**Task prompt**
If an entry below holds a picture, leave the picture out and print the rest exactly.

**Data for processing**
BEGIN

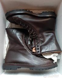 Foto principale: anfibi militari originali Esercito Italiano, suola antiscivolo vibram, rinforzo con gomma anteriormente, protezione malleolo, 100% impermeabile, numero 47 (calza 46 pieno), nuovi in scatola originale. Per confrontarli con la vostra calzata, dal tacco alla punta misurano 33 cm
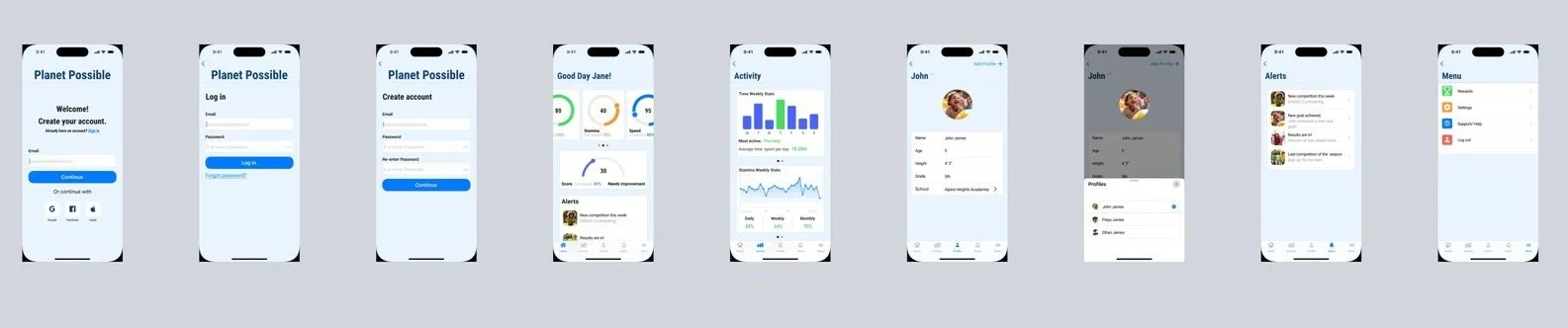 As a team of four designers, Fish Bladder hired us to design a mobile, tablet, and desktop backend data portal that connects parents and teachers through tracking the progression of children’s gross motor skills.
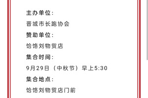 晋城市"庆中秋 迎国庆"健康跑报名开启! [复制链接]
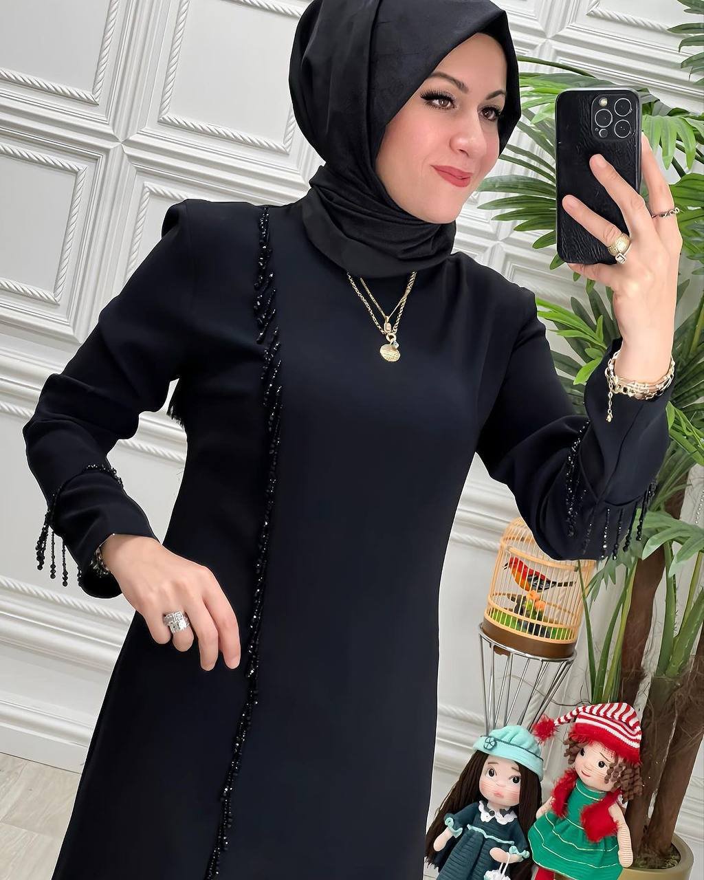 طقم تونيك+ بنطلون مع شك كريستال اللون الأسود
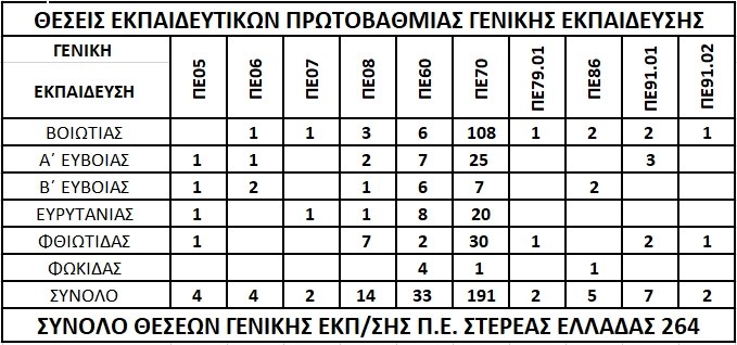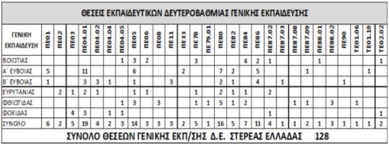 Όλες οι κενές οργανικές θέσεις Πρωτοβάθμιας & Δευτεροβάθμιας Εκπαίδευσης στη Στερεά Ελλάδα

END

**Result for this task**
 Foto principale: anfibi militari originali Esercito Italiano, suola antiscivolo vibram, rinforzo con gomma anteriormente, protezione malleolo, 100% impermeabile, numero 47 (calza 46 pieno), nuovi in scatola originale. Per confrontarli con la vostra calzata, dal tacco alla punta misurano 33 cm
 As a team of four designers, Fish Bladder hired us to design a mobile, tablet, and desktop backend data portal that connects parents and teachers through tracking the progression of children’s gross motor skills.
 晋城市"庆中秋 迎国庆"健康跑报名开启! [复制链接]
 طقم تونيك+ بنطلون مع شك كريستال اللون الأسود
 Όλες οι κενές οργανικές θέσεις Πρωτοβάθμιας & Δευτεροβάθμιας Εκπαίδευσης στη Στερεά Ελλάδα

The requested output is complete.